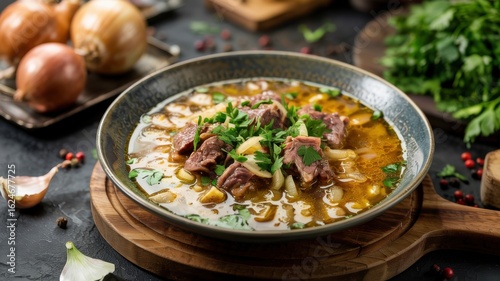 national dish, cookery, soup, lamb, tender, sliced, piece, broth, rich, flavorful, onion, fried, gold, fresh, herb, parsley, chopped, garnish, cilantro, dill, aromatic, garlic, infused, spice, black pepper, cumin, turmeric, yellow, colours, potato, chunk, hearty, vegetable, carrot, tomatoes, lemony, lemon, juice, sour, traditional, homemade, bowl, steaming, served, hot
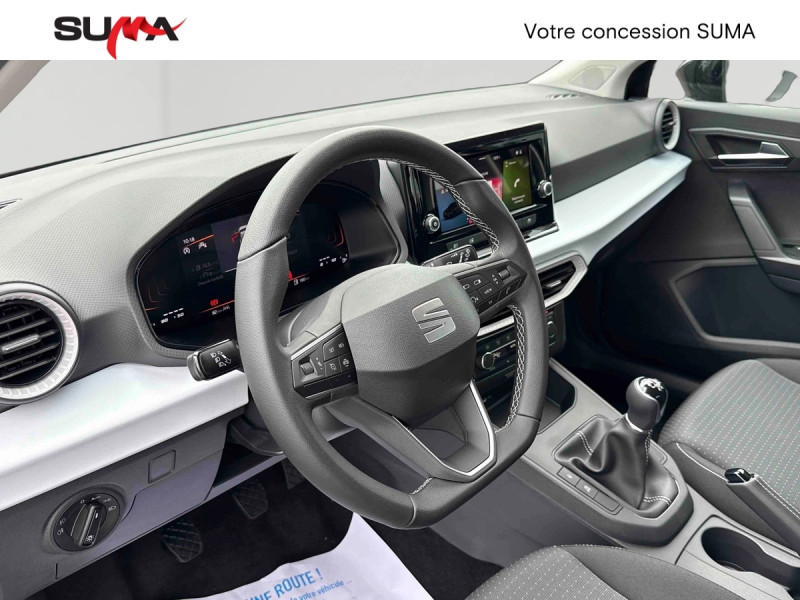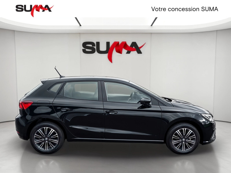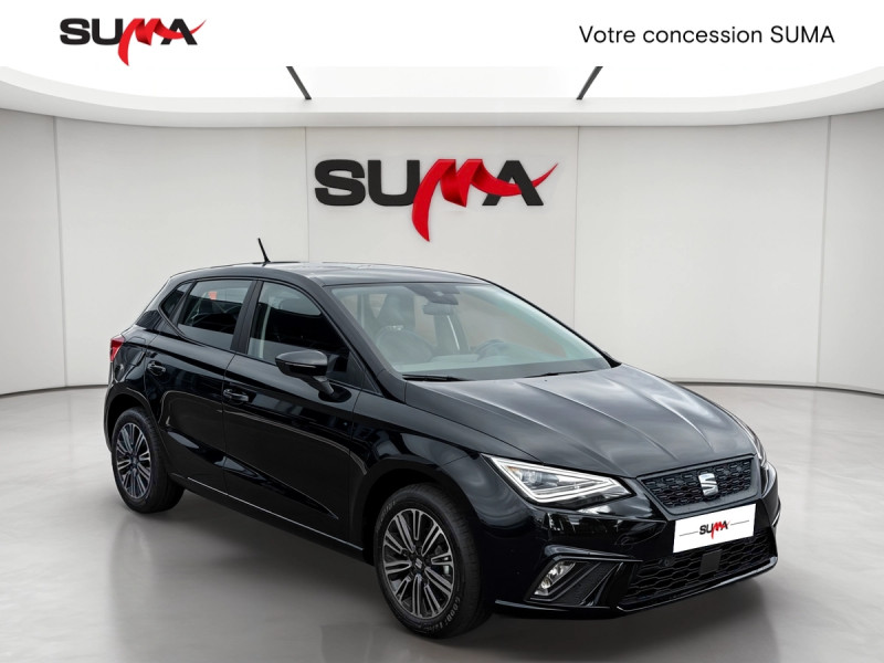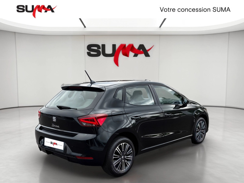 NOIR MINUIT / PACK VISION + / JANTE ALLIAGE 16 URBAN DESIGN / PACK RANGEMENT / EXTENSION DE GARANTIE 2 ANS / 80'000 KM / FULL LINK SANS FIL / SELLERIE TEXTILE GRISE COMO / COPA / Aide au démarrage en côte (Hill Hold Control) / Eclairage d'ambiance intérieur à LED blanc au niveau de la console centrale et du plancher AV / Eclairage de plaque d'immatriculation à LED / Lane Assist - aide au maintien dans la voie / Rétroviseur intérieur jour/nuit automatique / Pack Vision Plus Caméra de recul avec aide au stationnement AV et AR / Projecteurs Full LED avec signature lumineuse triangulaire / Volant sport multifonctions à méplat en cuir / 2 Fixations ISOFIX + Top tether intégrées aux sièges AR / 2 lampes de lecture AV / 3 appuie-têtes AR / latéraux et rideaux (passager déconnectable) / Alerte de non-bouclage des ceintures AV/AR / Anti-blocage des roues (ABS) et contrôle de stabilité électronique (ESC) / Anti-patinage électronique (ASR) / Boîte de vitesses manuelle à 5 rapports / Ceintures de sécurité à 3 points / Connectivité 2x USB-C et Bluetooth / Couvre-coffre rabattable / Digital Cockpit 8 / Détection de fatigue et somnolence / Détection de sous-gonflage des pneumatiques / Eclairage d'accompagnement / Entourages d'aérateurs Gris City / Front Assist avec détection des piétons et des cyclistes / Full Link sans fil (Android Auto + Apple CarPlay) / Kit anti-crevaison / Logos SEAT satinés AV/AR et sur le volant / Pare-chocs couleur carrosserie / Pare-soleil avec miroir de courtoisie / avec porte carte côté conducteur / Poignées de portes couleur carrosserie / Rétroviseurs extérieurs couleur carrosserie / Rétroviseurs extérieurs réglables électriquement intégrant les répétiteurs de clignotants latéraux / SEAT Connect / Signature Ibiza manuscrite sur le hayon / Système d'info-divertissement MediaSystem+ avec écran tactile HD 8 / 25'' / Tapis de sol textile AV/AR / TCS (contrôle de la traction)
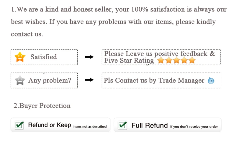 • If you did not receive the product within the guaranteed time( 45 days not including 2-5 day processing) you can request a refund or a reshipment.
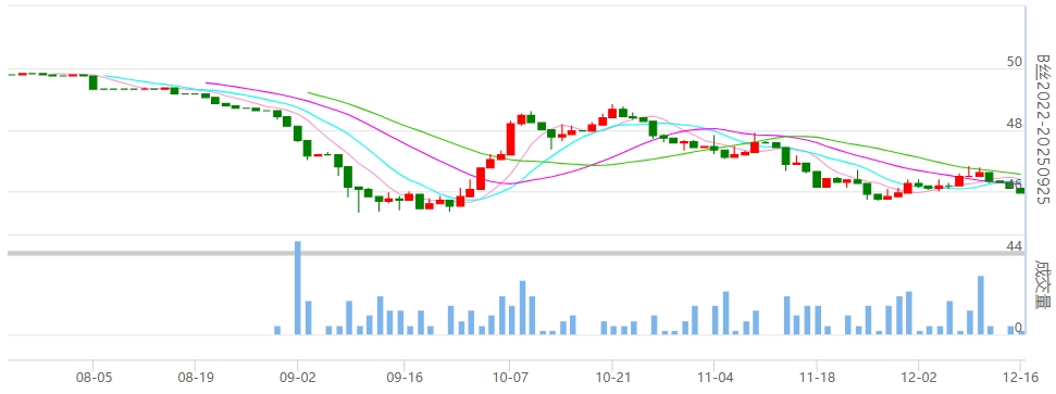 今日(2024年12月16日,周一)中國(guó)繭絲綢交易市場(chǎng)生絲電子指數(shù)下跌0.30%收于4680.75點(diǎn)。B絲2022D(商檢4A級(jí)生絲):241225合約下跌0.09萬(wàn)元報(bào)收于47.61萬(wàn)元;250325合約下跌0.12萬(wàn)元報(bào)收于46.77萬(wàn)元;250925合約下跌0.15萬(wàn)元報(bào)收于45.99萬(wàn)元。
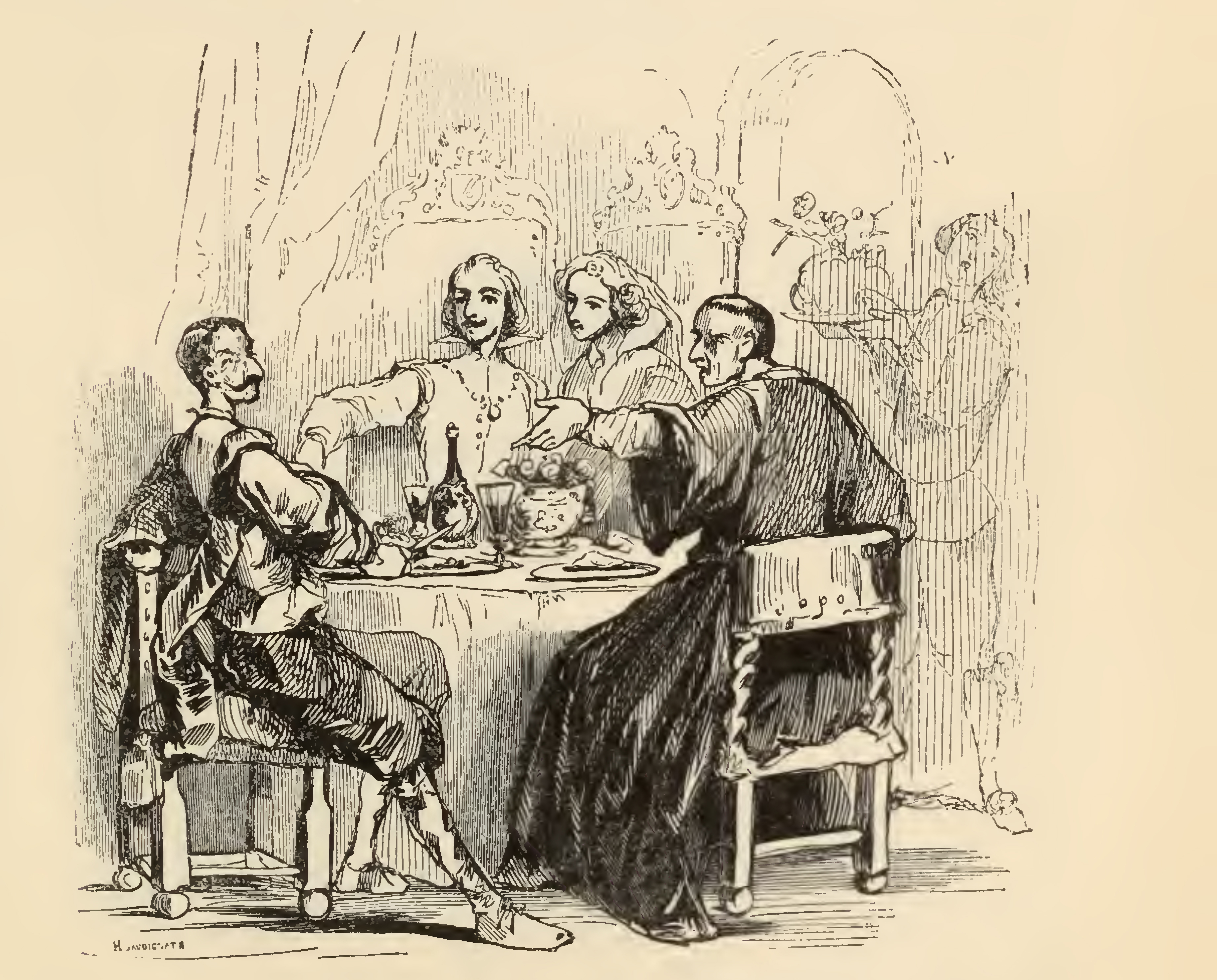 Don Quixote sits at the head of an extravagant table full of morsels and drink with his arms crossed and his legs splayed to his right displaying his patterned leggings. The ecclesiastic seated against him, dressed in religious robes, extends his left hand parallel to the ground in argumentation. The the duke and duchess are also seated on the other side of the table in very tall chairs. In the background on the right, a servant delivers a tray of food.
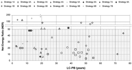 The NER values obtained in this study (see Figure 8) show how, while the vast majority of suggested energy refurbishment strategies have NER values higher than 10 or 20, their IRR value is negative and their LC-PB value exceeds the service life of the building subject to refurbishment. For example, in the case of strategy “3b”, the NER value is 141.3, being one of the strategies with a higher NER value. However, this strategy’s IRR value is negative (−0.7%) and its LC-PB value is 54.5 years. This kind of result shows the need to consider the economic dimension when prioritising refurbishment strategies and not just focusing on one of the environmental indicators.
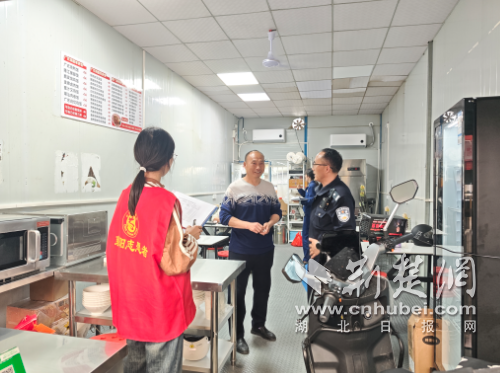 荆楚网(湖北日报网)讯(通讯员 陶小军)4月15日,为切实筑牢辖区经营场所安全防线,守护居民饮食健康与生命财产安全,高新区刘集街道郑岗社区联合消防、社区民警多部门开展“安全+健康”消防安全与健康证专项检查。
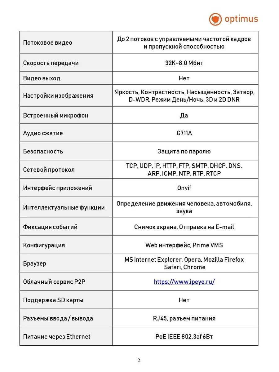 Видеокамера Optimus Prime ECO IP-012.1(2.8)MP
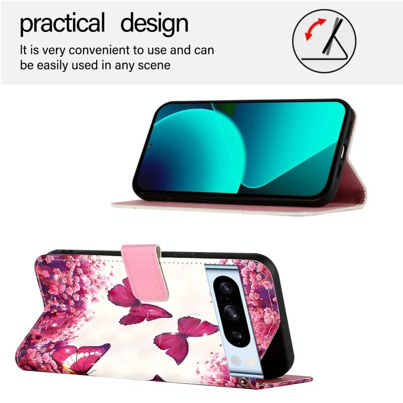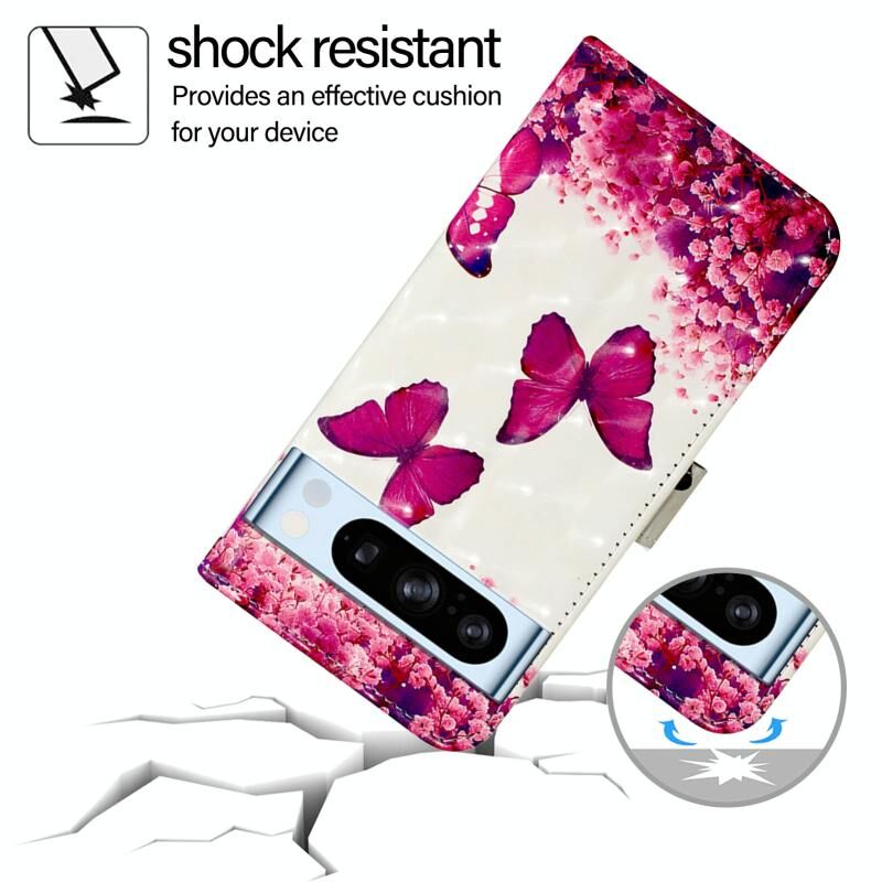 Θήκη τηλεφώνου από δέρμα με οριζόντια αναδίπλωση και τρισδιάστατη ζωγραφική για Google Pixel 8 Pro (Ροζ Πεταλούδα)
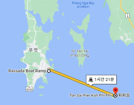 직선거리는 대략 이정도 하고 구글지도로는 1시간 20분 정도라고 나와있는데, 어느 보트를 타느냐에 따라서 시간차이가 많이 난다. 스피드보트를 타는 경우 1시간 정도가 걸리고 페리를 타는 경우 2시간 정도가 소요가 된다. 나는 갈 때는 스피드 보트 올 때는 페리를 타고 왔는데, 스피드보트가 몸은 편하고 더 쾌적했던 것 같다. 페리는 여유롭게 바다를 즐기기에 좋다.
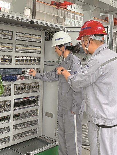 学生与中化学装备工程师现场调试控制系统。
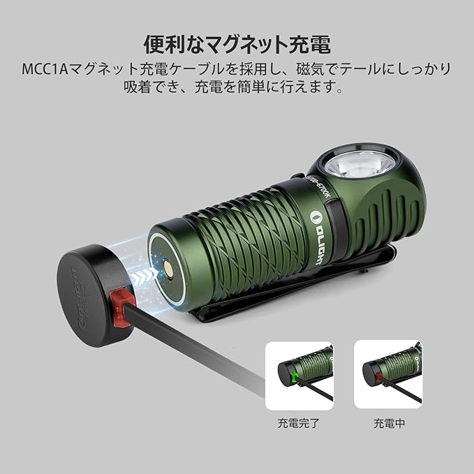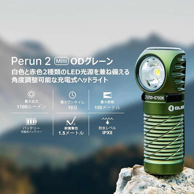 OLIGHT(オーライト) Perun 2 Mini ヘッドライト 懐中電灯兼用 高輝度led 1100ルーメン フラッシュライト 角度調整可能 充電式 IPX8 防水 耐衝撃 軽量 防災 散歩 登山 アウトドア 作業灯 夜釣り 停電対策 アーミーグリーン(コールド ホワイト 5700~6700K)
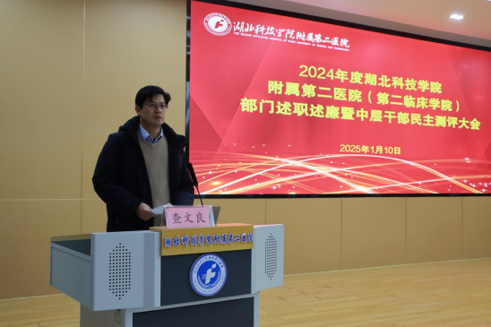 1月10日,UG环球国际附属第二医院(第二临床学院)隆重召开2024 年度部门述职述廉暨中层干部民主测评大会,医院领导班子成员、全体中层干部齐聚一堂,共同回顾过去一年的奋斗历程,展望未来发展方向。
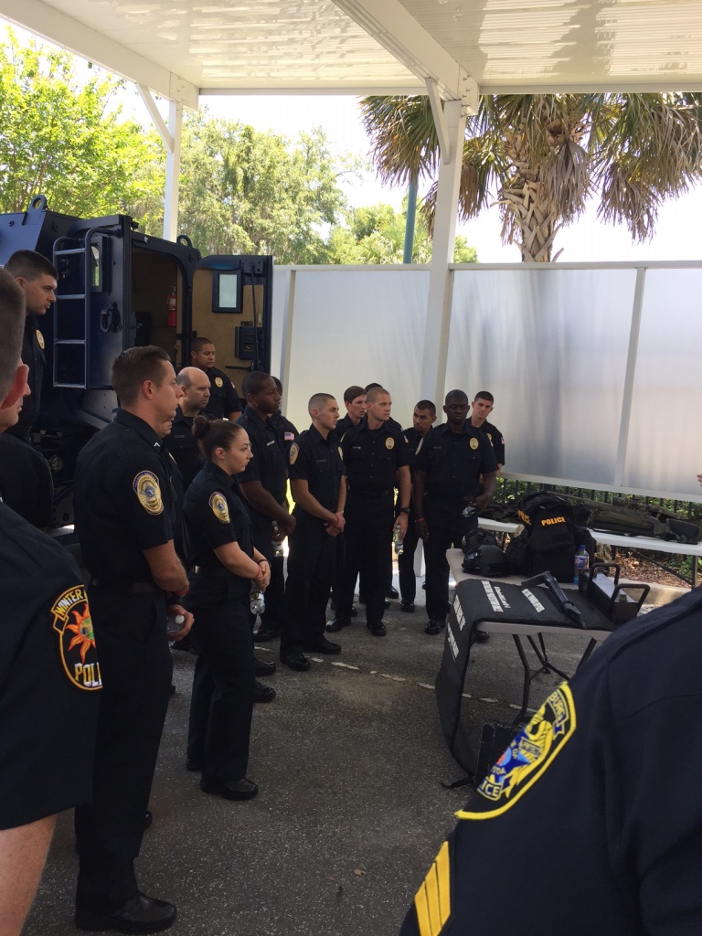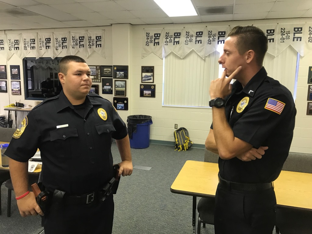 On Tuesday, the class took a tour of the Leesburg Police Department, where they were introduced to many different department members. The officers went over numerous special units, including K-9, S.W.A.T., Motor Unit, Patrol, and CID. The class also got to experience some the tools and equipment used by the officers. Tuesday afternoon, the students were honored to be asked to witness the Lake County Officer Memorial ceremony, honoring the brave individuals who sacrificed so much for their community. Recruiters from Tavares Police Department came to the classroom to speak to the students about joining the TPD team.

## [WORK TO COMPLETE]
Pictures don't belong in the copy. Restate all the entries exactly.

## [TASK RESULT]
 national dish, cookery, soup, lamb, tender, sliced, piece, broth, rich, flavorful, onion, fried, gold, fresh, herb, parsley, chopped, garnish, cilantro, dill, aromatic, garlic, infused, spice, black pepper, cumin, turmeric, yellow, colours, potato, chunk, hearty, vegetable, carrot, tomatoes, lemony, lemon, juice, sour, traditional, homemade, bowl, steaming, served, hot
 NOIR MINUIT / PACK VISION + / JANTE ALLIAGE 16 URBAN DESIGN / PACK RANGEMENT / EXTENSION DE GARANTIE 2 ANS / 80'000 KM / FULL LINK SANS FIL / SELLERIE TEXTILE GRISE COMO / COPA / Aide au démarrage en côte (Hill Hold Control) / Eclairage d'ambiance intérieur à LED blanc au niveau de la console centrale et du plancher AV / Eclairage de plaque d'immatriculation à LED / Lane Assist - aide au maintien dans la voie / Rétroviseur intérieur jour/nuit automatique / Pack Vision Plus Caméra de recul avec aide au stationnement AV et AR / Projecteurs Full LED avec signature lumineuse triangulaire / Volant sport multifonctions à méplat en cuir / 2 Fixations ISOFIX + Top tether intégrées aux sièges AR / 2 lampes de lecture AV / 3 appuie-têtes AR / latéraux et rideaux (passager déconnectable) / Alerte de non-bouclage des ceintures AV/AR / Anti-blocage des roues (ABS) et contrôle de stabilité électronique (ESC) / Anti-patinage électronique (ASR) / Boîte de vitesses manuelle à 5 rapports / Ceintures de sécurité à 3 points / Connectivité 2x USB-C et Bluetooth / Couvre-coffre rabattable / Digital Cockpit 8 / Détection de fatigue et somnolence / Détection de sous-gonflage des pneumatiques / Eclairage d'accompagnement / Entourages d'aérateurs Gris City / Front Assist avec détection des piétons et des cyclistes / Full Link sans fil (Android Auto + Apple CarPlay) / Kit anti-crevaison / Logos SEAT satinés AV/AR et sur le volant / Pare-chocs couleur carrosserie / Pare-soleil avec miroir de courtoisie / avec porte carte côté conducteur / Poignées de portes couleur carrosserie / Rétroviseurs extérieurs couleur carrosserie / Rétroviseurs extérieurs réglables électriquement intégrant les répétiteurs de clignotants latéraux / SEAT Connect / Signature Ibiza manuscrite sur le hayon / Système d'info-divertissement MediaSystem+ avec écran tactile HD 8 / 25'' / Tapis de sol textile AV/AR / TCS (contrôle de la traction)
 • If you did not receive the product within the guaranteed time( 45 days not including 2-5 day processing) you can request a refund or a reshipment.
 今日(2024年12月16日,周一)中國(guó)繭絲綢交易市場(chǎng)生絲電子指數(shù)下跌0.30%收于4680.75點(diǎn)。B絲2022D(商檢4A級(jí)生絲):241225合約下跌0.09萬(wàn)元報(bào)收于47.61萬(wàn)元;250325合約下跌0.12萬(wàn)元報(bào)收于46.77萬(wàn)元;250925合約下跌0.15萬(wàn)元報(bào)收于45.99萬(wàn)元。
 Don Quixote sits at the head of an extravagant table full of morsels and drink with his arms crossed and his legs splayed to his right displaying his patterned leggings. The ecclesiastic seated against him, dressed in religious robes, extends his left hand parallel to the ground in argumentation. The the duke and duchess are also seated on the other side of the table in very tall chairs. In the background on the right, a servant delivers a tray of food.
 The NER values obtained in this study (see Figure 8) show how, while the vast majority of suggested energy refurbishment strategies have NER values higher than 10 or 20, their IRR value is negative and their LC-PB value exceeds the service life of the building subject to refurbishment. For example, in the case of strategy “3b”, the NER value is 141.3, being one of the strategies with a higher NER value. However, this strategy’s IRR value is negative (−0.7%) and its LC-PB value is 54.5 years. This kind of result shows the need to consider the economic dimension when prioritising refurbishment strategies and not just focusing on one of the environmental indicators.
 荆楚网(湖北日报网)讯(通讯员 陶小军)4月15日,为切实筑牢辖区经营场所安全防线,守护居民饮食健康与生命财产安全,高新区刘集街道郑岗社区联合消防、社区民警多部门开展“安全+健康”消防安全与健康证专项检查。
 Видеокамера Optimus Prime ECO IP-012.1(2.8)MP
 Θήκη τηλεφώνου από δέρμα με οριζόντια αναδίπλωση και τρισδιάστατη ζωγραφική για Google Pixel 8 Pro (Ροζ Πεταλούδα)
 직선거리는 대략 이정도 하고 구글지도로는 1시간 20분 정도라고 나와있는데, 어느 보트를 타느냐에 따라서 시간차이가 많이 난다. 스피드보트를 타는 경우 1시간 정도가 걸리고 페리를 타는 경우 2시간 정도가 소요가 된다. 나는 갈 때는 스피드 보트 올 때는 페리를 타고 왔는데, 스피드보트가 몸은 편하고 더 쾌적했던 것 같다. 페리는 여유롭게 바다를 즐기기에 좋다.
 学生与中化学装备工程师现场调试控制系统。
 OLIGHT(オーライト) Perun 2 Mini ヘッドライト 懐中電灯兼用 高輝度led 1100ルーメン フラッシュライト 角度調整可能 充電式 IPX8 防水 耐衝撃 軽量 防災 散歩 登山 アウトドア 作業灯 夜釣り 停電対策 アーミーグリーン(コールド ホワイト 5700~6700K)
 1月10日,UG环球国际附属第二医院(第二临床学院)隆重召开2024 年度部门述职述廉暨中层干部民主测评大会,医院领导班子成员、全体中层干部齐聚一堂,共同回顾过去一年的奋斗历程,展望未来发展方向。
 On Tuesday, the class took a tour of the Leesburg Police Department, where they were introduced to many different department members. The officers went over numerous special units, including K-9, S.W.A.T., Motor Unit, Patrol, and CID. The class also got to experience some the tools and equipment used by the officers. Tuesday afternoon, the students were honored to be asked to witness the Lake County Officer Memorial ceremony, honoring the brave individuals who sacrificed so much for their community. Recruiters from Tavares Police Department came to the classroom to speak to the students about joining the TPD team.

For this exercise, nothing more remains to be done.